Elizabeth Stanton (Anna Hoots) has grown up feeling guilty about her sister’s death. Her parents have also taken it upon themselves to try and find a way to explain how their daughter died and due to a family history, have blamed it on schizophrenia. This means that Elizabeth has been taking medication since she was a little girl, but since she started having disturbing dreams, she comes to think that her problems are more supernatural.
This is made even more evident when Elizabeth’s hallucinations start getting stronger, making her think that she may in fact be haunted.
Guilt is the latest feature by writer/director William Chaffin which takes on a lot of issues surrounding family and mental health and wraps them in a horror movie. Mental health is always a tricky subject to tackle as well, but thankfully the more realistic way that Elizabeth sees the world and her parents misguided decisions feel a little more realistic. Misdiagnoses do happen after all and it’s far better than saying a supernatural force is causing mental illness.
However, there is something charmingly amateurish about the whole production. It doesn’t do anything other than what bigger budget horror movies do, but that’s not to say that there are some issues.
Firstly, and perhaps more obviously there needs to be a better sound mixer. Having such a low budget production has its limitations of course, but there are scenes where either the dialogue is too quiet or the sound of distant traffic distracts from what’s going on in a scene. It’s not Birdemic levels of bad, but it’s noticeable.
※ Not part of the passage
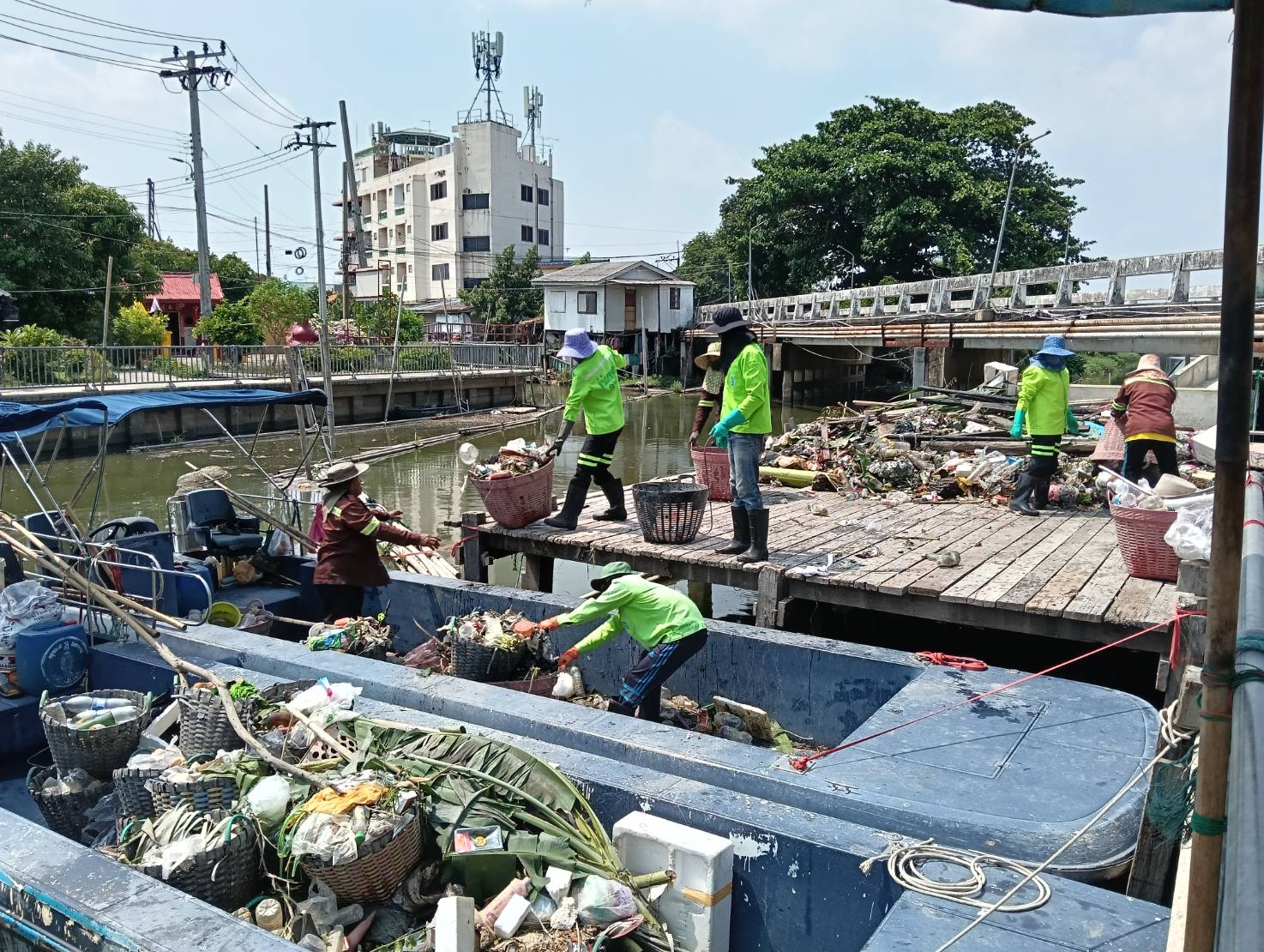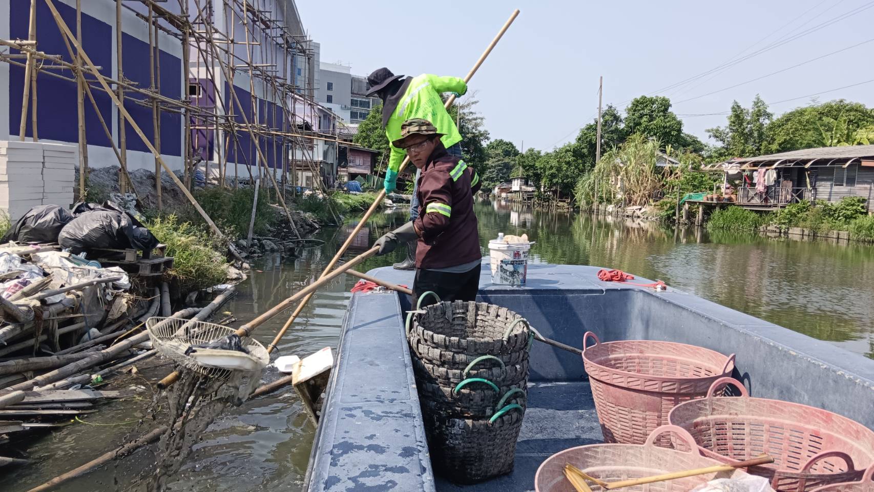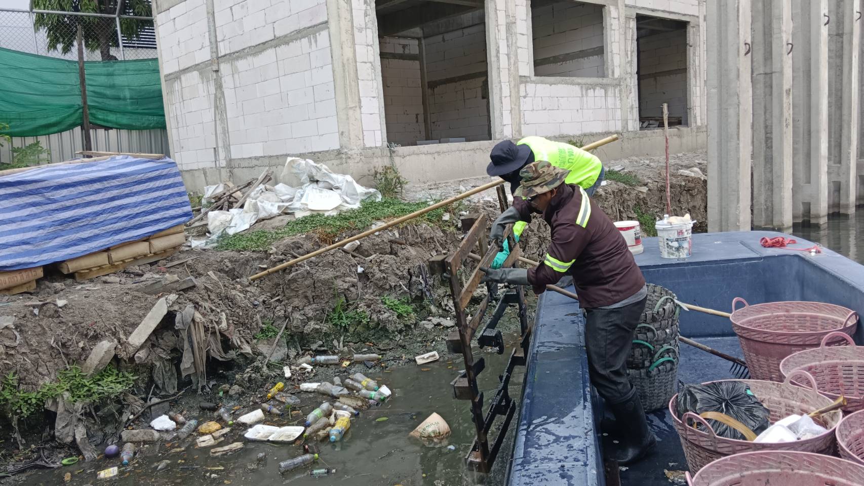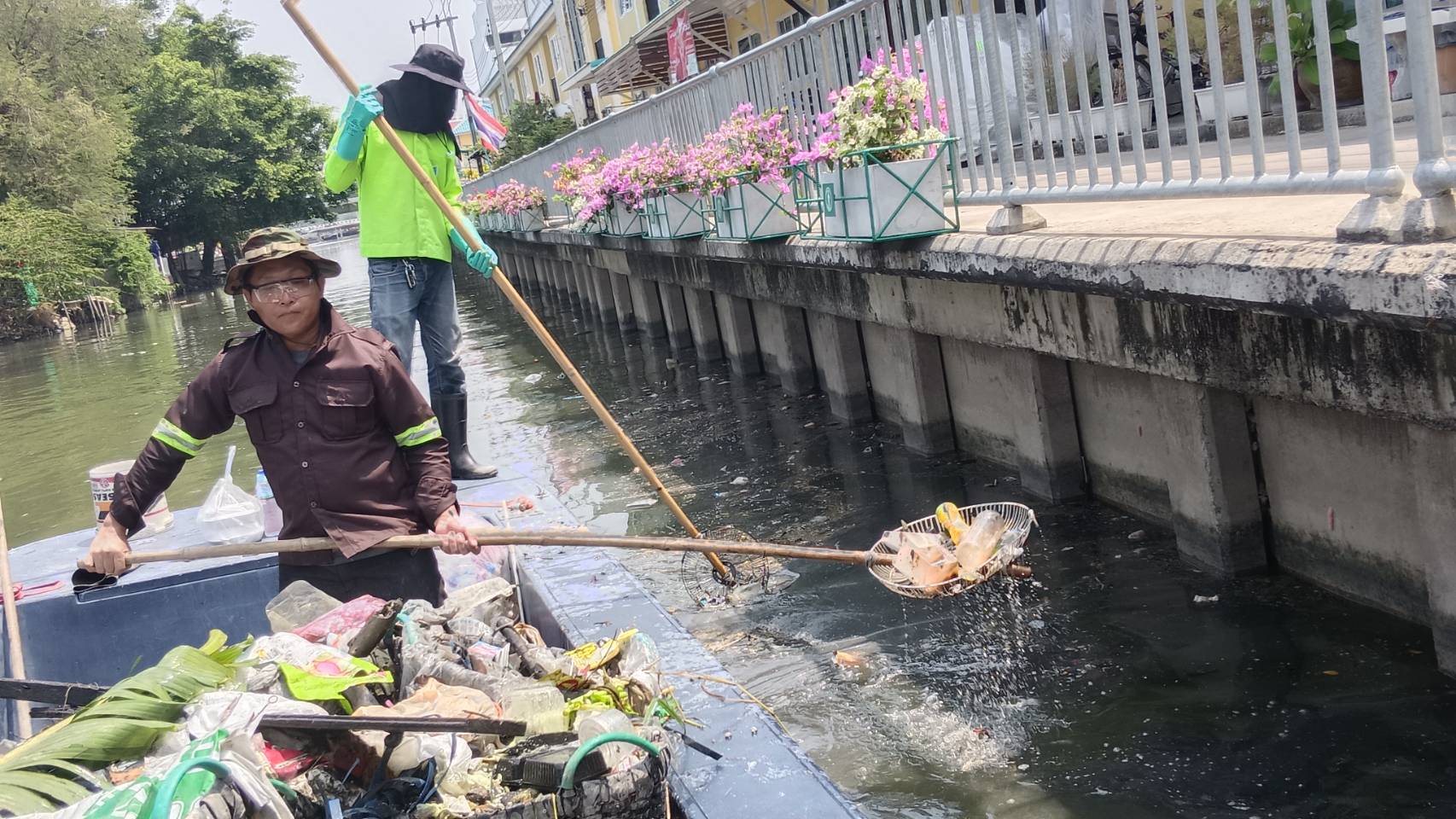 เจ้าหน้าที่ เก็บขยะและวัชพืชคลองเปรมประชากร พื้นที่เขตดอนเมืองและเขตหลักสี่
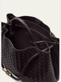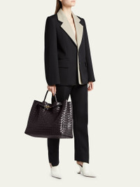 Bottega Veneta "Andiamo" tote bag in intrecciato napa leather Rolled top handle Open top with magnetic closure; center adjustable knot strap Interior, one zip pocket and one slip pocket Approx. 13.8"H x 16.5"W x 7.1"D Made in Italy

Also, having a low budget movie of this nature does lead to problems because there’s an implication that the production is biting off more than it can chew. Although Anna Hoots does give a good performance in the lead, there’s no denying that some scenes where the demon strikes could have been handled with more weight and the cliches in the script do come thick and fast.
However, who among us can say that we don’t all enjoy a cheesy horror movie every now and then?